Luma AI, the frontier artificial intelligence company working on multimodal AGI, has secured a massive $900 million Series C funding round, led by HUMAIN — a PIF-backed AI company building large-scale, full-stack AI infrastructure. The raise marks one of the most significant investments into next-generation AI systems that move beyond language models and toward systems capable of understanding, simulating, and interacting with the physical world.
Strategic participants included AMD Ventures, alongside existing investors such as Andreessen Horowitz, Amplify Partners, and Matrix Partners, underscoring growing confidence in Luma AI’s mission to build “World Models” — considered the next leap forward after Large Language Models (LLMs).
Project Halo: A 2-Gigawatt AI Supercluster in Saudi Arabia
As part of the partnership, Luma AI will become a primary compute customer of HUMAIN, as it builds Project Halo, a colossal 2-gigawatt AI supercluster in Saudi Arabia — positioning it among the largest AI compute infrastructures in the world.
Announced at the U.S.–Saudi Investment Forum in Washington D.C., on the occasion of HRH Crown Prince Mohammed bin Salman’s official visit, this initiative signals Saudi Arabia’s ambition to become a global hub for AI compute, talent, and innovation.
The infrastructure will support Luma’s training of peta-scale multimodal data — video, images, audio, and text — at a scale 1,000 to 10,000 times larger than today’s frontier LLMs. These capabilities are critical to creating AI systems that can understand and simulate real-world physics, enabling applications across robotics, immersive entertainment, gaming, advertising, simulation, design, and personalized education.
From Language Models to World Models
While LLMs have transformed information processing, Luma AI is focused on what comes next — models that can perceive, reason, and act in the physical world.
“Our ambition is to build AI that can help humanity in the physical world and expand our understanding of the universe.
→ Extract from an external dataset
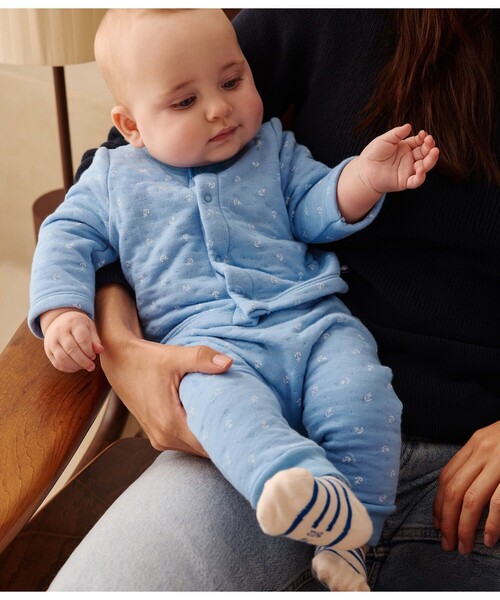 クールなイカリのプリントをあしらったベビー2点セットです。環境にやさしいオーガニックコットン製の2枚の生地を編み上げたやわらかなチュビックキルティング素材を使用。セットアップでの着用から、カーディガンとパンツを別々に着用したコーディネイトまでスタイルの幅を楽しめます。ご自宅での使用はもちろん、キュートなデザインがギフトにも大変喜ばれるおすすめアイテムです。※キルティング素材は、縫い目から中綿が吹き出す場合があります。吹き出した中綿は引っ張らずにハサミで切ってください。また、キルティングの縫い目に力が加わると糸がほつれたり切れたりしてしまう場合がありますので、お取り扱いの際はご注意ください。

To achieve that, we need systems that can learn from a quadrillion tokens of data — the collective digital memory of humanity,” said Amit Jain, CEO and Co-Founder, Luma AI.
These next-generation systems — called World Models — aim to learn from the entire digital visual and auditory history of humanity, creating AI that can generate experiences, simulate reality, and support intelligent decision-making in dynamic, real-world environments.
Ray3: Reasoning Video AI in Action
Luma’s latest model, Ray3, already represents a shift toward reasoning-based visual intelligence. It is the world’s first reasoning video model capable of generating physically accurate scenes, visual effects, and dynamic animations.
The technology is already being used by global studios, creative agencies, and brands and is integrated within platforms such as Adobe’s creative ecosystem.
With this new funding, Luma plans to accelerate the expansion of Ray3 into robotics simulation, industrial design, and digital twin applications, further narrowing the gap between digital imagination and physical execution.
HUMAIN Create: Sovereign AI for the Arab World
A significant element of the partnership is HUMAIN Create — a regional initiative focused on building AI models trained on Arabic language, visual culture, and regional data sets. This will allow governments, enterprises, and creators across the MENA region to adopt AI that is culturally aligned, sovereign, and context-aware.
“This is not just about funding — we’re building the entire value chain that makes next-generation AI possible,” said Tareq Amin, CEO of HUMAIN.
“Together with Luma AI and our 2-gigawatt supercluster, we are creating a new global benchmark — where capital, compute, and capability converge.”
A Trillion-Dollar Opportunity Unfolding
By combining U.S.-based frontier AI innovation with Middle Eastern compute infrastructure and sovereign AI ambitions, the Luma-HUMAIN partnership is shaping up as a potential trillion-dollar opportunity spanning:
Entertainment and content creation
Marketing and brand experiences
Robotics and automation
Simulation and digital twins
Education and knowledge modeling
Smart cities and infrastructure
It also highlights the geoeconomic repositioning of AI infrastructure, where nations are now competing not just for talent, but for compute dominance — the critical fuel for next-generation artificial intelligence.